Each line in the material below, starting at the one with "Maglia a righe con scollo a V ampio t" and ending at the one with "Accident devastator la", is to be reproduced exactly; no picture is to be copied.

INPUT MATERIAL>
....................

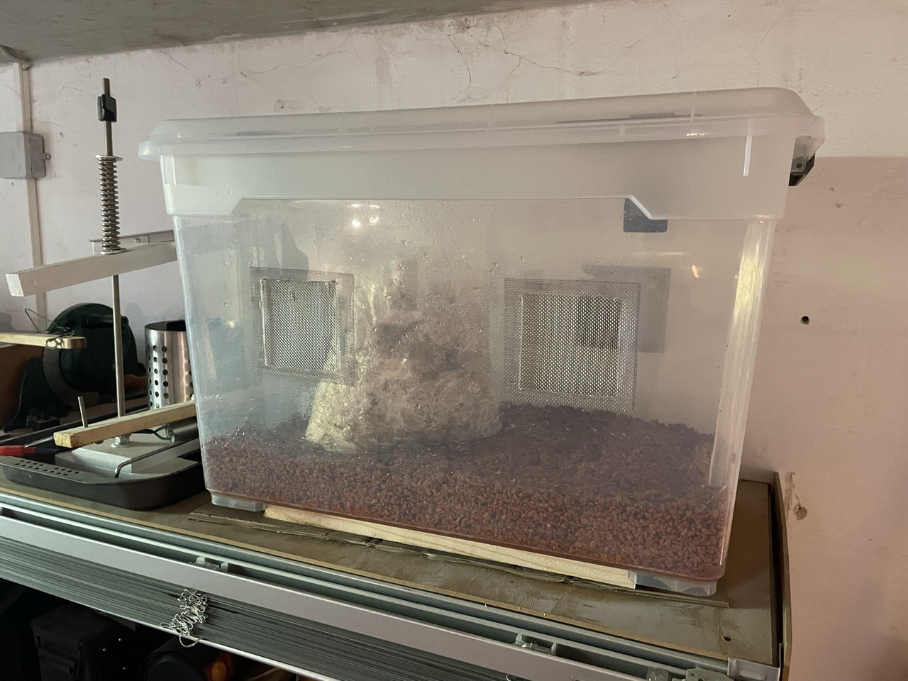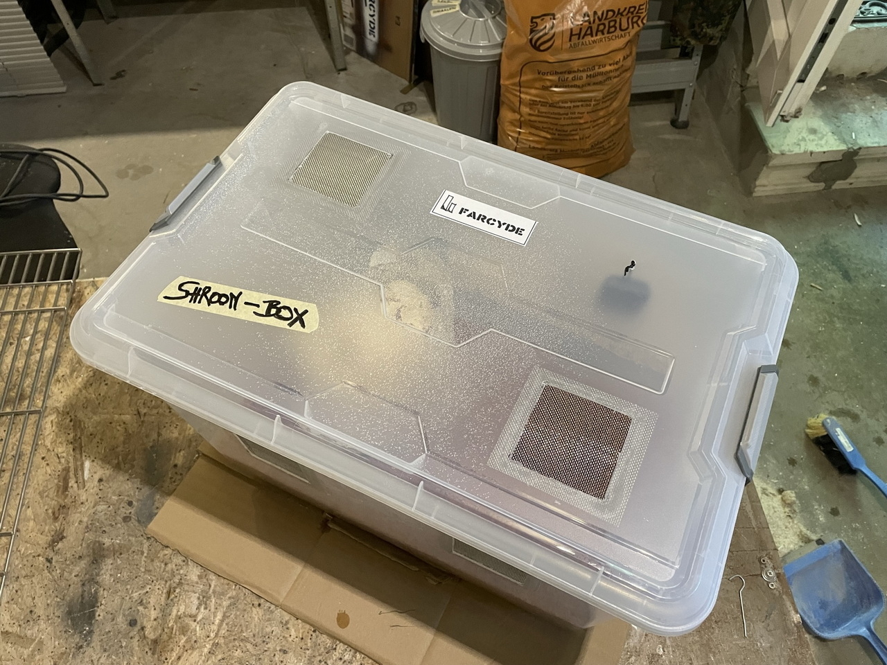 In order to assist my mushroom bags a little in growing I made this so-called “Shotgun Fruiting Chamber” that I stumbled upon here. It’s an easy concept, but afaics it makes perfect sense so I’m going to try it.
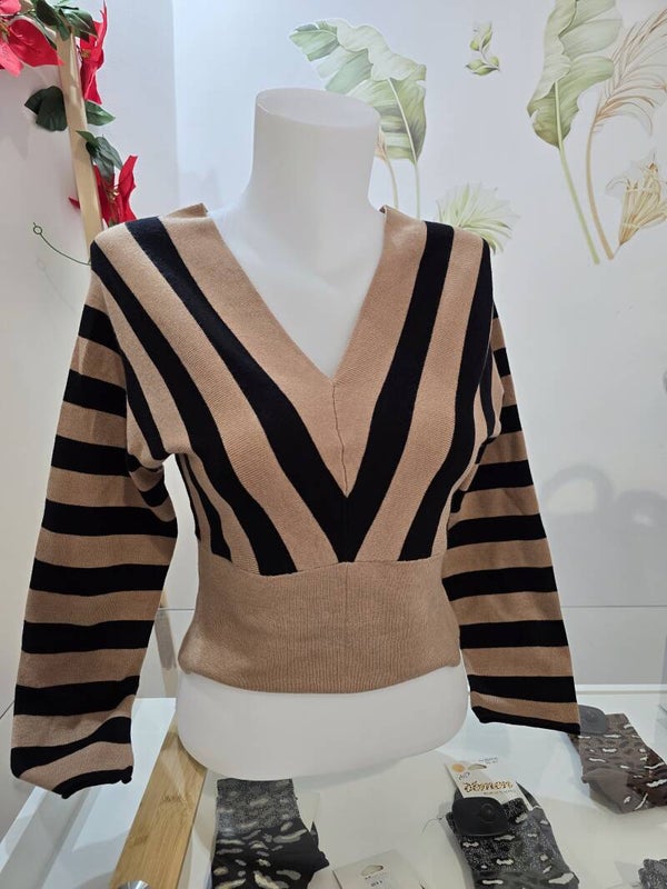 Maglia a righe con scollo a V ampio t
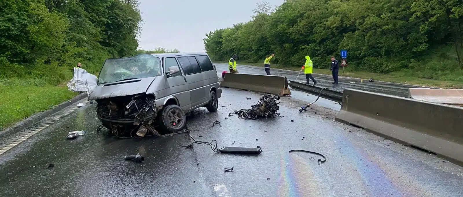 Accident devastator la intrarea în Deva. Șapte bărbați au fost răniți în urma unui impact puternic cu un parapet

....................

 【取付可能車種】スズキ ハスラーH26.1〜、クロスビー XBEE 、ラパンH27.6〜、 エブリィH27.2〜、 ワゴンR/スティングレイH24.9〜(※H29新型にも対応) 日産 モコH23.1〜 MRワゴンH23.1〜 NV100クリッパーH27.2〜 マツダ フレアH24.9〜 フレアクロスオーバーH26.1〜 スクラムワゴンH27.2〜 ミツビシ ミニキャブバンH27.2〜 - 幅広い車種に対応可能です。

....................

SOLVED EXERCISE>
 Maglia a righe con scollo a V ampio t
 Accident devastator la intrarea în Deva. Șapte bărbați au fost răniți în urma unui impact puternic cu un parapet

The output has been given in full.